The buildings in the business
district of Apalachicola is a veritable cornucopia of late-19th and early-20th century
rural architecture. The Cook Building, which today is the home of Tamara's Café,
was the former A&P Grocery Store and later a five and dime. The interior
is a fascinating mix of pressed tin ceilings painted rust red, exposed bricks,
and original wooden floors. Yet, the most famous house in town is the Raney House. Built in 1838, the home belonged to some of the most prominent families in
town, including the man who built the house, David Raney, who made his fortune
in cotton, and his son a Confederate naval hero. One of the stunning features
of the house was an original stairwell made from what the guide called Cuban
Mahogany, more commonly known as West Indian Mahogany, which only grows in Florida
and the Caribbean. The mahogany is a threatened species and is now protected
nationally and internationally. I was surprised that we were allowed to walk
on it and use the stairs to access the second floor.
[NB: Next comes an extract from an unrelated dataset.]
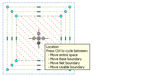 | move the gross boundary of the space | click and hold the location grip, and press Ctrl 4 times to switch to Move gross boundary mode. Then move the gross boundary to the desired location, and click to release it. |

Our guide through the Raney House, who had
moved to Apalachicola from Birmingham, Alabama two years earlier, was fixated
by the low crime rate in her adopted home. She told the group on the tour, who
hailed from England, Spain, South Africa and Pennsylvania, that it was the best
thing about living in the area. She went to say that the worst thing was that
there was not a lot of shopping around; as a matter of fact, the nearest
Walmart was nearly two hours away she lamented. I think she was startled when just
about everyone in the group voiced the opinion that this was a good thing.